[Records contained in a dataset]
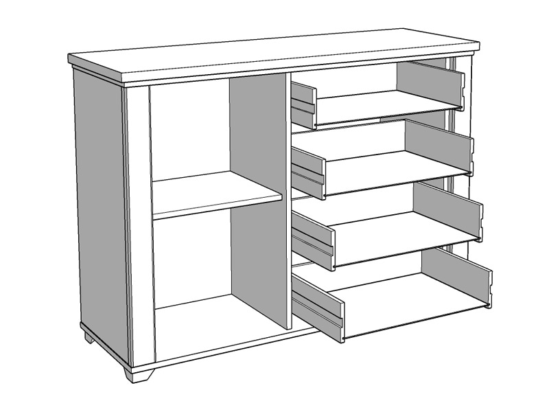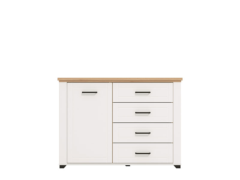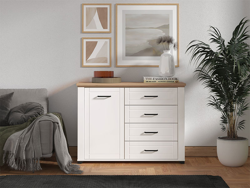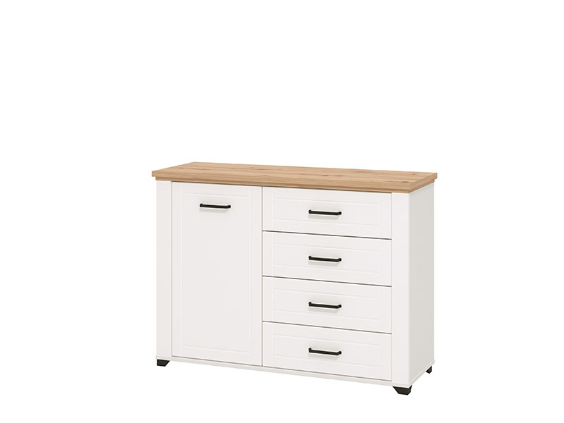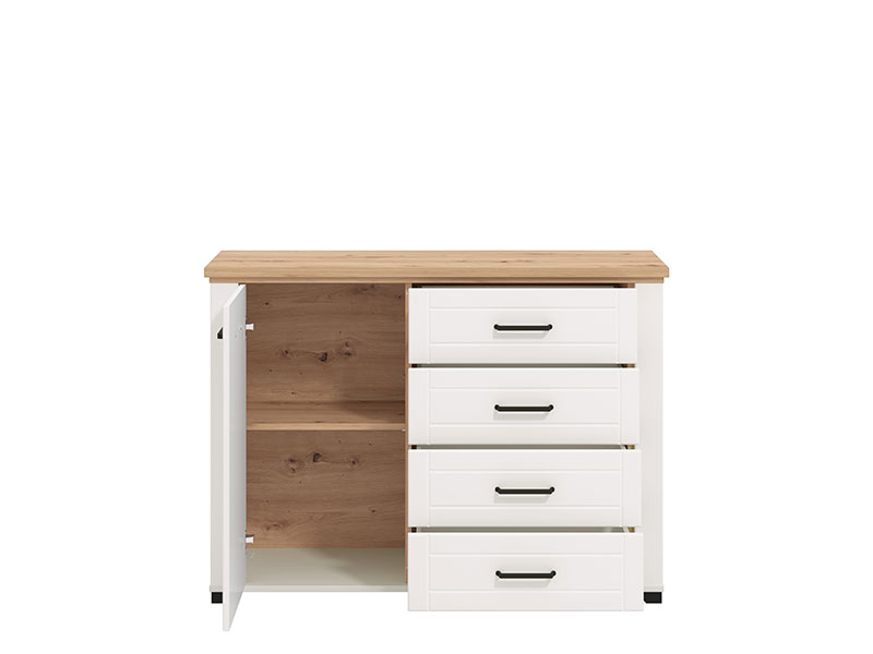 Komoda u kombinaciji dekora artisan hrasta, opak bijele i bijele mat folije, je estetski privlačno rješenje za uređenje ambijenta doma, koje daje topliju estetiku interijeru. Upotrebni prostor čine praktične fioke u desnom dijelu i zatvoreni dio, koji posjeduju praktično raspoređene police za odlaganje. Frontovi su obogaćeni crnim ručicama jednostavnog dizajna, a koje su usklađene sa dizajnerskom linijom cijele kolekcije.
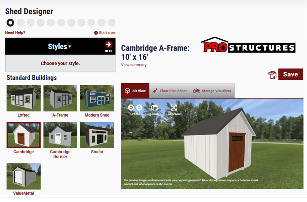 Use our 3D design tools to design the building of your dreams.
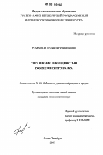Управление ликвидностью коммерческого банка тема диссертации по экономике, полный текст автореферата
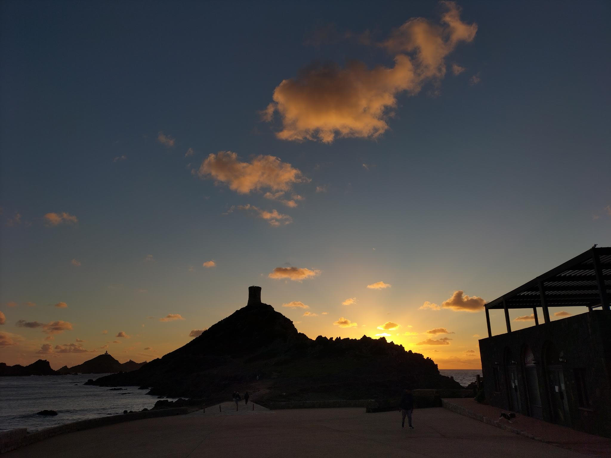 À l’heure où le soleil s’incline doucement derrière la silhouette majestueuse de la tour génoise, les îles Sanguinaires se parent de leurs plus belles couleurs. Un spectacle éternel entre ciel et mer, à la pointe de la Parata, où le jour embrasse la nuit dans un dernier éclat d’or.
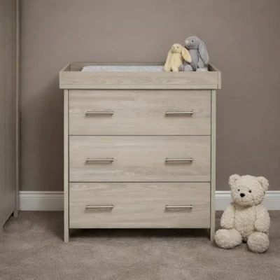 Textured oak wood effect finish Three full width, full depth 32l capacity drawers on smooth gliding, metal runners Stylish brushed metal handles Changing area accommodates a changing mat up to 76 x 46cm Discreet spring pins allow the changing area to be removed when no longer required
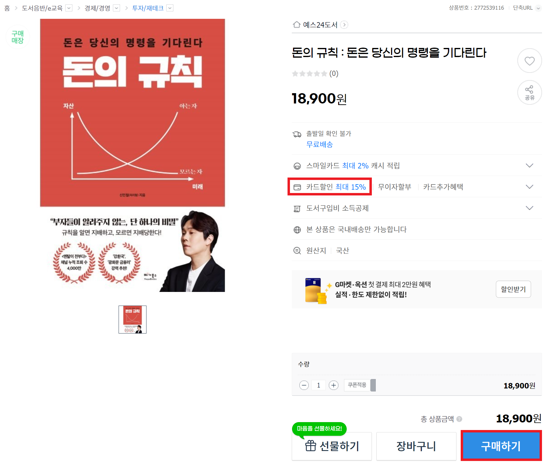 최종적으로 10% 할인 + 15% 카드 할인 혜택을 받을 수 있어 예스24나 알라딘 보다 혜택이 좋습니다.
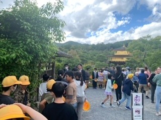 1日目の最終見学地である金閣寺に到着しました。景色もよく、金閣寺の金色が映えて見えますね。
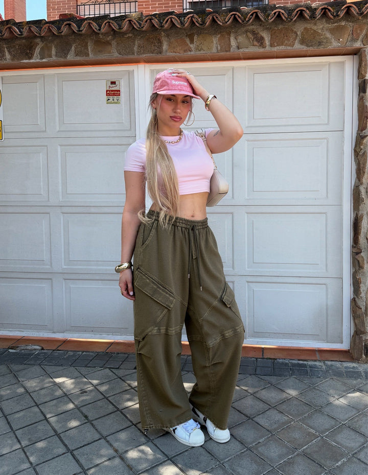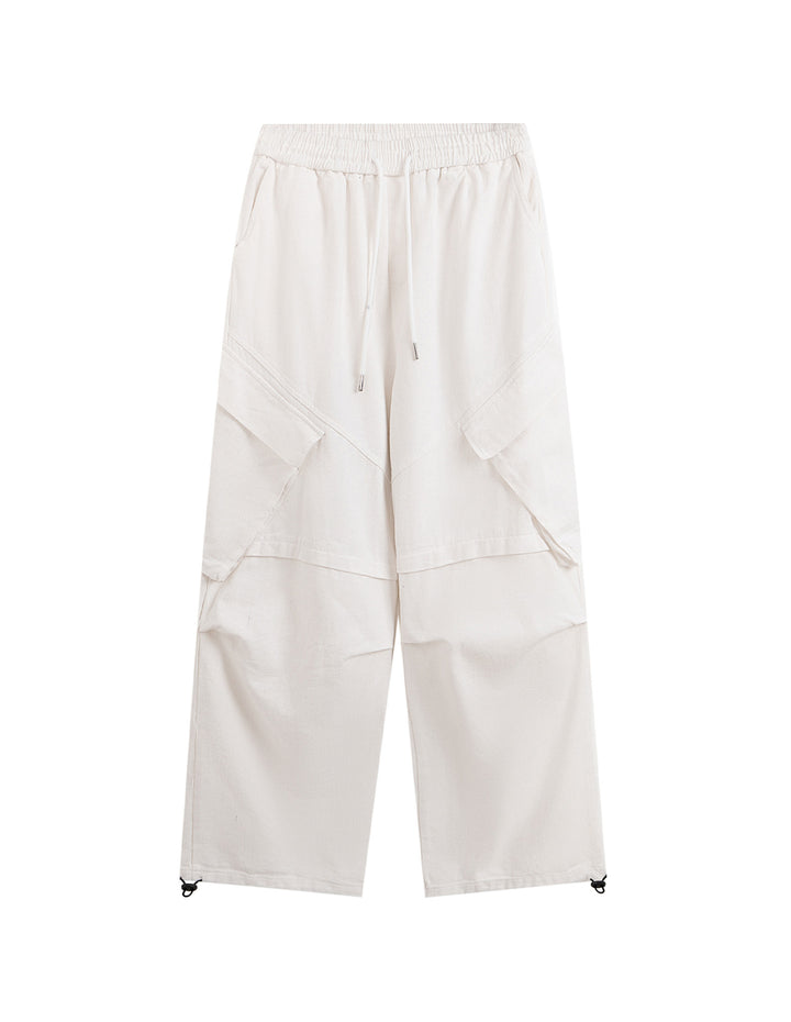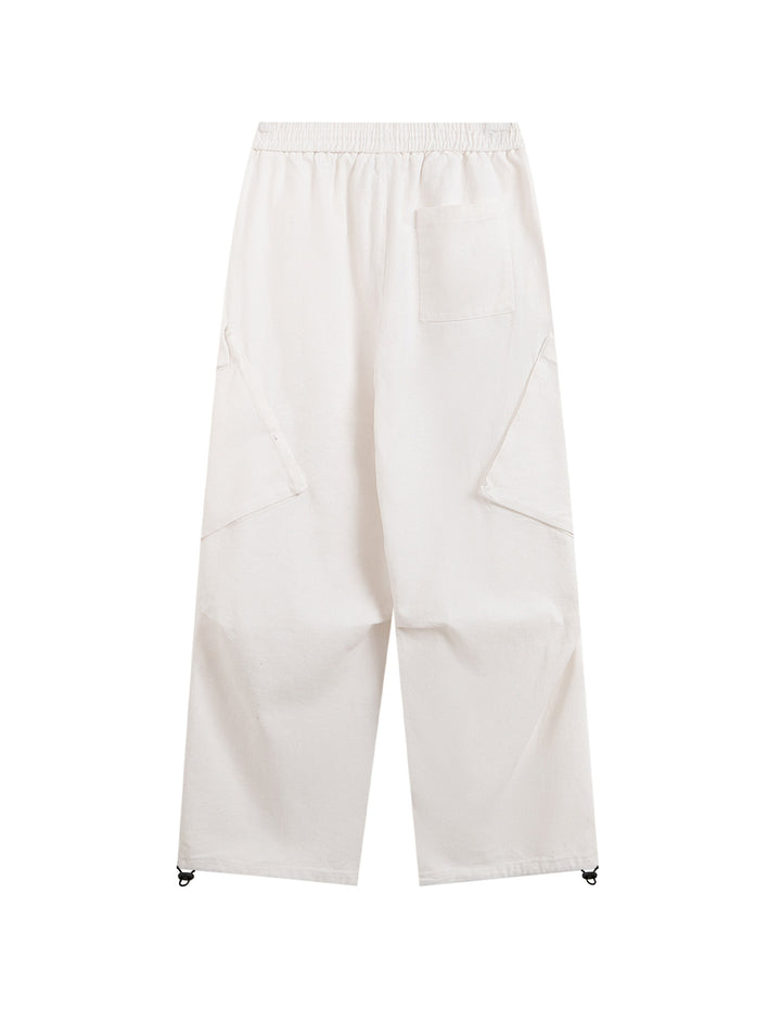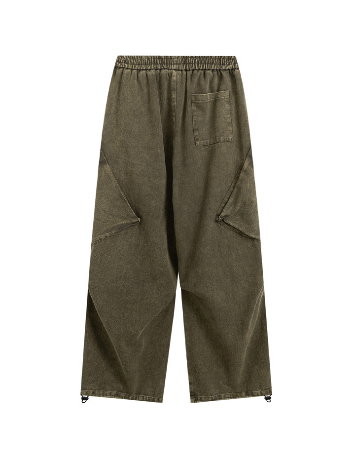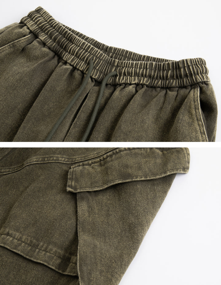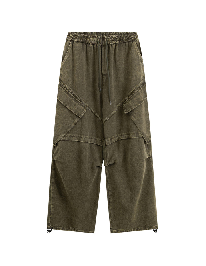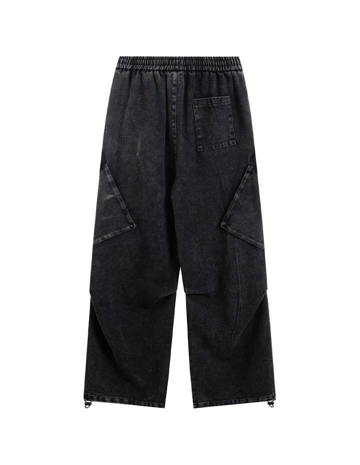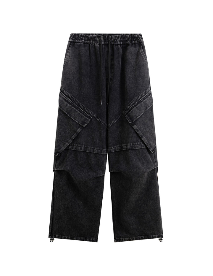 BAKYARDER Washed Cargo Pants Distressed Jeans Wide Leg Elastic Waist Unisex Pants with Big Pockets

_Exercise directions_
The pictures stay out of the copy. Set down the entries above precisely.

_Output below_
 Komoda u kombinaciji dekora artisan hrasta, opak bijele i bijele mat folije, je estetski privlačno rješenje za uređenje ambijenta doma, koje daje topliju estetiku interijeru. Upotrebni prostor čine praktične fioke u desnom dijelu i zatvoreni dio, koji posjeduju praktično raspoređene police za odlaganje. Frontovi su obogaćeni crnim ručicama jednostavnog dizajna, a koje su usklađene sa dizajnerskom linijom cijele kolekcije.
 Use our 3D design tools to design the building of your dreams.
Управление ликвидностью коммерческого банка тема диссертации по экономике, полный текст автореферата
 À l’heure où le soleil s’incline doucement derrière la silhouette majestueuse de la tour génoise, les îles Sanguinaires se parent de leurs plus belles couleurs. Un spectacle éternel entre ciel et mer, à la pointe de la Parata, où le jour embrasse la nuit dans un dernier éclat d’or.
 Textured oak wood effect finish Three full width, full depth 32l capacity drawers on smooth gliding, metal runners Stylish brushed metal handles Changing area accommodates a changing mat up to 76 x 46cm Discreet spring pins allow the changing area to be removed when no longer required
 최종적으로 10% 할인 + 15% 카드 할인 혜택을 받을 수 있어 예스24나 알라딘 보다 혜택이 좋습니다.
 1日目の最終見学地である金閣寺に到着しました。景色もよく、金閣寺の金色が映えて見えますね。
 BAKYARDER Washed Cargo Pants Distressed Jeans Wide Leg Elastic Waist Unisex Pants with Big Pockets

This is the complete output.